When loading in data sometimes we might encounter the issue of encoding mismatch.  This issue is less of a problem this days but can still occur. THe most used encoding type is UTF-8


All Python code is written in UTF-8 hence all your data should also be in the same encoding type. If this is not the case, you will have errors.

Lets see an example code

In [31]:
before = "Hello world 😉"
before

'Hello world 😉'

In [32]:
type(before)

str

We can encode by replacing characters that raise error.

In [33]:
encoded = before.encode("utf-8", errors = 'replace')

We have now converted a string type  to a byte type.

The two most connon types in Python are

1. strings
2. bytes

Bytes are just a sequence of integers. We can convert a string to an byte by specifying the type of encoding.

In [34]:
type(encoded)

bytes

In [35]:
encoded

b'Hello world \xf0\x9f\x98\x89'

Now that we have converted a string to a byte type, lets go ahead and convert it back into a string type. This can be done as follows

In [36]:
encoded.decode("utf-8")

'Hello world 😉'

When we specify the wrong encoding, we will get an error. Since the type we specified can not make sense of the data.

In [37]:
print(encoded.decode("ascii"))

UnicodeDecodeError: 'ascii' codec can't decode byte 0xf0 in position 12: ordinal not in range(128)

ASCII can decode all English letters and word even if they are encoded in another encoding type.

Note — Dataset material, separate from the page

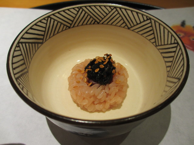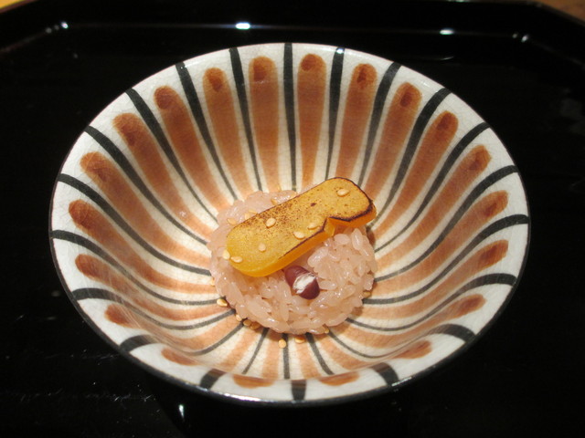 赤飯に炙りカラスミを乗せて

Sometimes we might not know the right encoding type used to encode the data. For this we can use chardet to do that for us automatically. 100% accuracy is not guaranteed.

In [41]:
with open('datasets/housing.csv', 'rb') as rawdata:
    result = chardet.detect(rawdata.read(10000))

In [42]:
print(result)

{'encoding': 'ascii', 'confidence': 1.0, 'language': ''}


This shows that chardet is 100% confident the answer is 100%

In [44]:
df = pd.read_csv("datasets/housing.csv", encoding = "ascii")

In [45]:
df

Unnamed: 0,longitude,latitude,housing_median_age,total_rooms,total_bedrooms,population,households,median_income,median_house_value,ocean_proximity
0,-122.23,37.88,41.0,880.0,129.0,322.0,126.0,8.3252,452600.0,NEAR BAY
1,-122.22,37.86,21.0,7099.0,1106.0,2401.0,1138.0,8.3014,358500.0,NEAR BAY
2,-122.24,37.85,52.0,1467.0,190.0,496.0,177.0,7.2574,352100.0,NEAR BAY
3,-122.25,37.85,52.0,1274.0,235.0,558.0,219.0,5.6431,341300.0,NEAR BAY
4,-122.25,37.85,52.0,1627.0,280.0,565.0,259.0,3.8462,342200.0,NEAR BAY
...,...,...,...,...,...,...,...,...,...,...
20635,-121.09,39.48,25.0,1665.0,374.0,845.0,330.0,1.5603,78100.0,INLAND
20636,-121.21,39.49,18.0,697.0,150.0,356.0,114.0,2.5568,77100.0,INLAND
20637,-121.22,39.43,17.0,2254.0,485.0,1007.0,433.0,1.7000,92300.0,INLAND
20638,-121.32,39.43,18.0,1860.0,409.0,741.0,349.0,1.8672,84700.0,INLAND


Sometimes the encoding is not right you need to try till u get the right one. Once you get the file opened, its best you save it to a CSV file. You can do this by using the pd.to_csv() this method uses UTF-8 by default since its the standards in Python.